Technology & stakeholders

Veolia ZeeWeed MBR / Reverse Osmosis (RO) / DuPont FilmTec membranes / SCADAVeolia ZeeWeed MBRReverse Osmosis (RO)DuPont FilmTec membranesUltrafiltrationSCADA / PLC controlsClean-in-Place (CIP)NPDES discharge permit

You'll manage 7 stakeholders, including John Rogers (U.S. Chief Sustainability & Procurement Officer (Anheuser-Busch)), Chris Low (Senior Vice President, Water Technologies — North America (Veolia)), Dominic Hartley (Lead Process Engineer & Commissioning Manager (Veolia Water Technologies)), and more.

What you'll walk away with

A verified, shareable record of a completed enterprise project — plus the PMO deliverables you produced along the way (charter, project plan, SteerCo deck, closure document). It's real, demonstrable project management experience you can put on your resume and speak to in interviews.

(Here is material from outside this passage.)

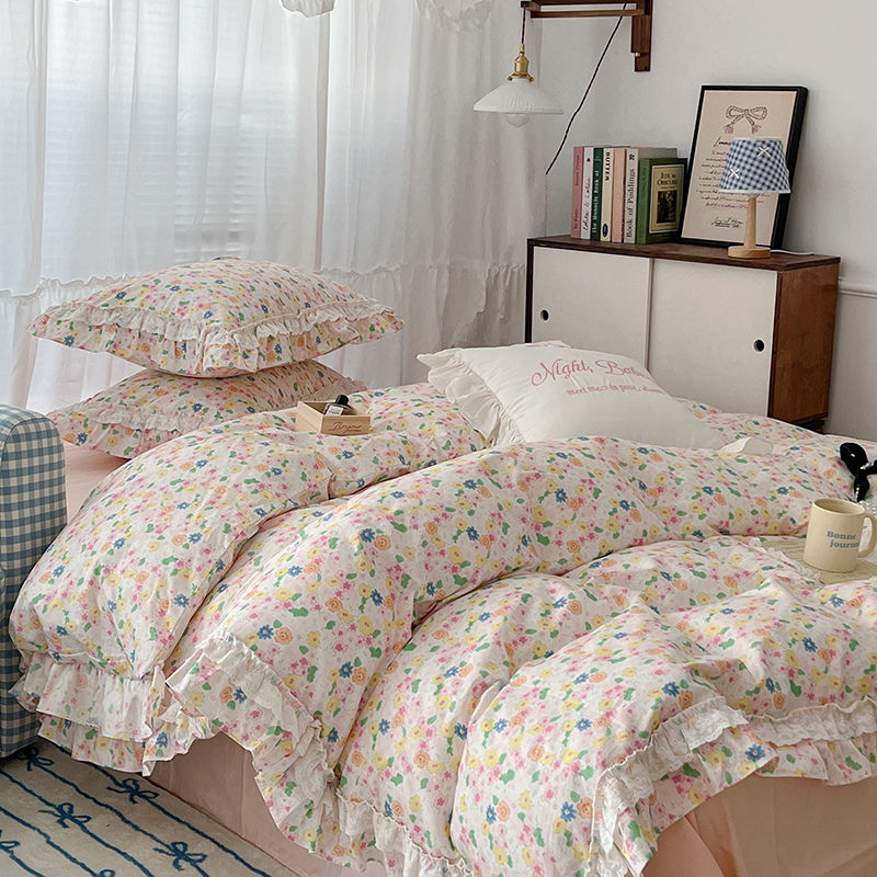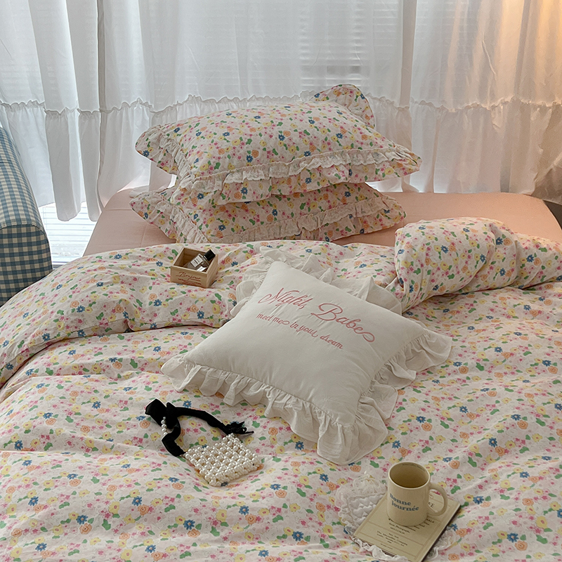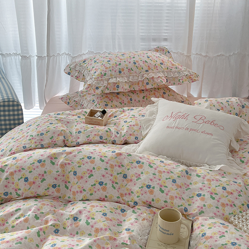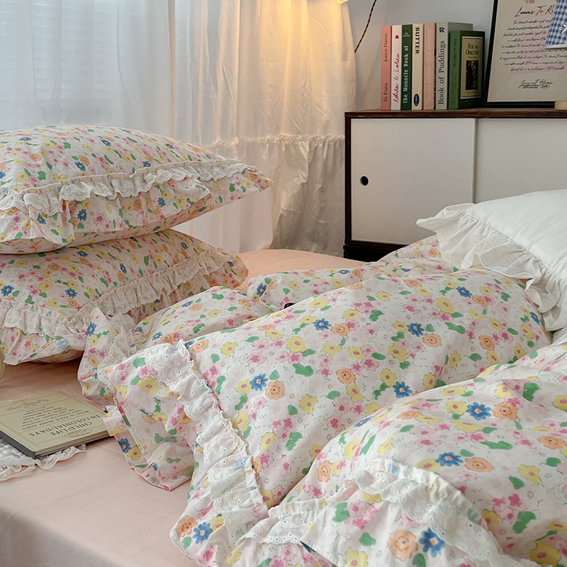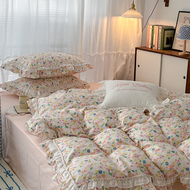 昔可家纺 2024蕾丝双层花边款全棉四件套 春山花漫

Frequently asked questions

Do I need project management experience to start?

No. This simulation is built for aspiring and practicing project managers alike — you learn by doing. You make real decisions and get feedback, with no PMP or prior PM job required.

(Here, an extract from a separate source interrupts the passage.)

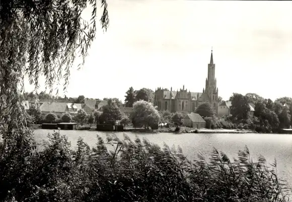 Ak Malchow in Mecklenburg, Teilansicht, Blick über See, Kirchturm

How long does this simulation take?

It runs over 27 days, roughly 24 minutes per day, covering the full project lifecycle from initiation to closure.

What will I learn?

You practice the core of project management — stakeholder management, budget and schedule control, risk, scope, and PMO governance — in the context of waterfall in industrial water treatment — beverage manufacturing.

Is this based on the real Anheuser-Busch?

It's a realistic scenario inspired by Anheuser-Busch and the Industrial Water Treatment — Beverage Manufacturing sector. Details and names are fictionalized for training — it's a simulation, not a record of any actual project.

What do I get at the end?

A verified project completion plus the PMO deliverables you produced (charter, plan, SteerCo deck, closure) — proof of hands-on experience you can show employers.